## Exercise directions
Copy every entry verbatim and skip the pictures.

## Data supplied

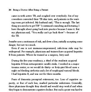came in with active TB, and coughed over everybody. Six of my coworkers converted their TB skin tests, and patients in the waiting room got infected. My husband said,‘‘ This is enough. The last thing you need is to get TB!’’ I continued consulting and lecturing. I have thought about going back into practice because I miss it. But my physician said,‘‘ You really can’ t go back there’’— because of the TB.
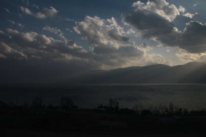 A viagem de comboio decorreu com normalidade, porém os lugares disponíveis não eram cadeiras mas sim camas. Porém, como esta viagem não era noturna, as mesmas tinham de ser partilhadas – não, não é no sentido literal! 😉 – e as pessoas sentavam-se lado a lado. Durante o percurso acabei de pôr o diário em dia, observei a verde paisagem, as montanhas, os inúmeros túneis, o grande e azulão lago Erhai no qual Dali se localiza, o sol a doirar e as nuvens a ganharem cor.
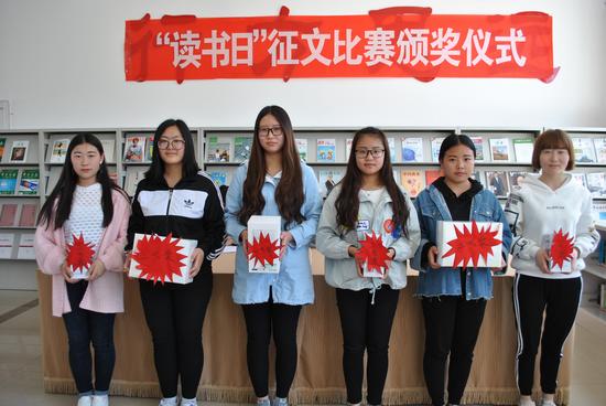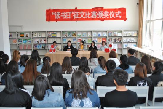 4月27日,世界读书日“腹有诗书气自华,最是书香能致远”征文比赛颁奖仪式在学院图书馆举行,书馆馆长李舒平出席并亲自为获奖同学颁发奖品。
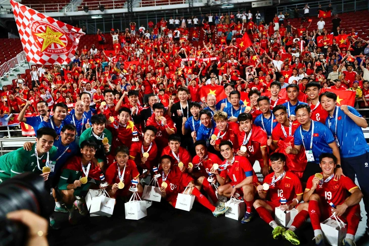 Các thành viên ban huấn luyện và cầu thủ U22 cùng lãnh đạo Liên đoàn Bóng đá Việt Nam (VFF) sẽ cùng mang HCV SEA Games 33 về nước.
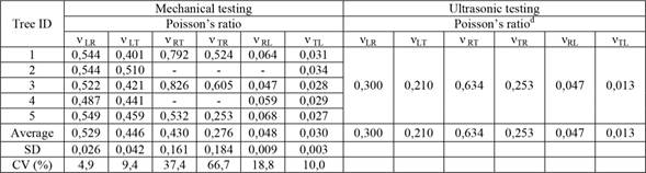 In addition, the values of the Poisson’s ratios obtained using ultrasound were similar to the literature for softwoods.
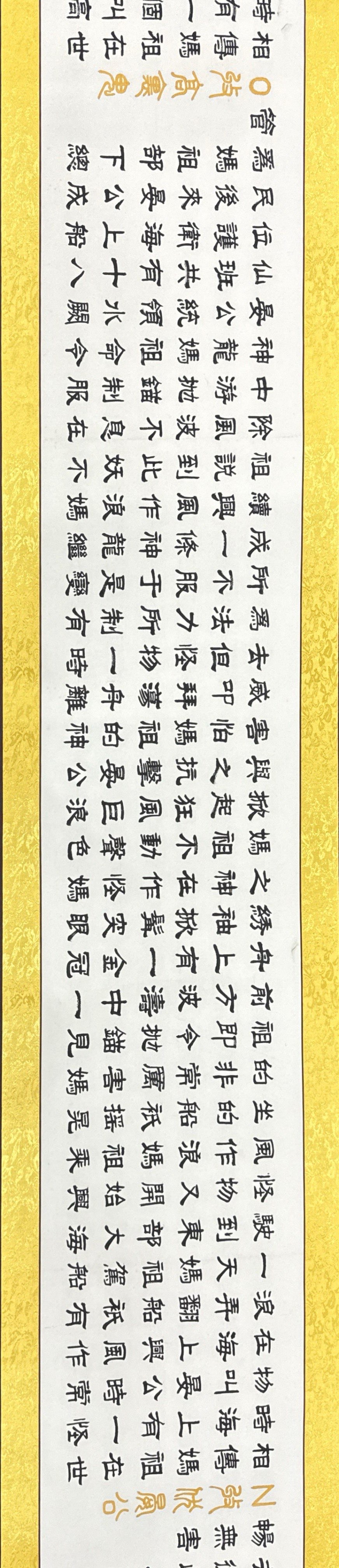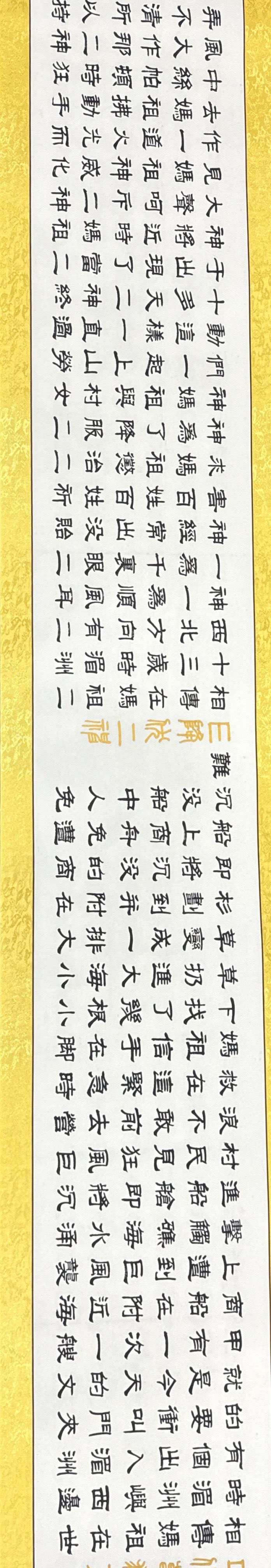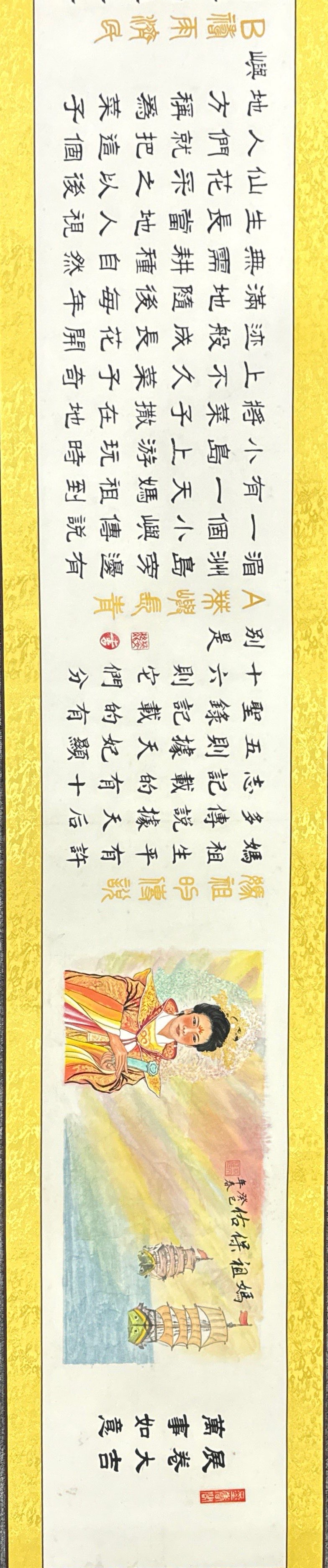 長(zhǎng)卷是78歲高齡的中國(guó)書(shū)畫(huà)藝術(shù)名家林文樵老先生2013年創(chuàng)作完成的,是中國(guó)四體書(shū)法和人物山水花鳥(niǎo)繪畫(huà)語(yǔ)言形式合而為一的完美組合。作品已經(jīng)精裱、品相完好無(wú)暇,長(zhǎng)39.70米寬0.44米近160平尺。題為《媽祖保佑》,5000多字內(nèi)容涵蓋和囊括了媽祖現(xiàn)有的34則生平故事和神話傳說(shuō)。全卷中間的畫(huà)心僅是一張完整宣紙,書(shū)畫(huà)家以嫻熟駕馭筆墨的技能和深厚的書(shū)畫(huà)功底,無(wú)一漏字漏劃也無(wú)誤敗之筆,畫(huà)心無(wú)一片拼接或破損!卷末創(chuàng)作中國(guó)水墨畫(huà)《竹報(bào)平安》。

## Worked solution
came in with active TB, and coughed over everybody. Six of my coworkers converted their TB skin tests, and patients in the waiting room got infected. My husband said,‘‘ This is enough. The last thing you need is to get TB!’’ I continued consulting and lecturing. I have thought about going back into practice because I miss it. But my physician said,‘‘ You really can’ t go back there’’— because of the TB.
 A viagem de comboio decorreu com normalidade, porém os lugares disponíveis não eram cadeiras mas sim camas. Porém, como esta viagem não era noturna, as mesmas tinham de ser partilhadas – não, não é no sentido literal! 😉 – e as pessoas sentavam-se lado a lado. Durante o percurso acabei de pôr o diário em dia, observei a verde paisagem, as montanhas, os inúmeros túneis, o grande e azulão lago Erhai no qual Dali se localiza, o sol a doirar e as nuvens a ganharem cor.
 4月27日,世界读书日“腹有诗书气自华,最是书香能致远”征文比赛颁奖仪式在学院图书馆举行,书馆馆长李舒平出席并亲自为获奖同学颁发奖品。
 Các thành viên ban huấn luyện và cầu thủ U22 cùng lãnh đạo Liên đoàn Bóng đá Việt Nam (VFF) sẽ cùng mang HCV SEA Games 33 về nước.
 In addition, the values of the Poisson’s ratios obtained using ultrasound were similar to the literature for softwoods.
 長(zhǎng)卷是78歲高齡的中國(guó)書(shū)畫(huà)藝術(shù)名家林文樵老先生2013年創(chuàng)作完成的,是中國(guó)四體書(shū)法和人物山水花鳥(niǎo)繪畫(huà)語(yǔ)言形式合而為一的完美組合。作品已經(jīng)精裱、品相完好無(wú)暇,長(zhǎng)39.70米寬0.44米近160平尺。題為《媽祖保佑》,5000多字內(nèi)容涵蓋和囊括了媽祖現(xiàn)有的34則生平故事和神話傳說(shuō)。全卷中間的畫(huà)心僅是一張完整宣紙,書(shū)畫(huà)家以嫻熟駕馭筆墨的技能和深厚的書(shū)畫(huà)功底,無(wú)一漏字漏劃也無(wú)誤敗之筆,畫(huà)心無(wú)一片拼接或破損!卷末創(chuàng)作中國(guó)水墨畫(huà)《竹報(bào)平安》。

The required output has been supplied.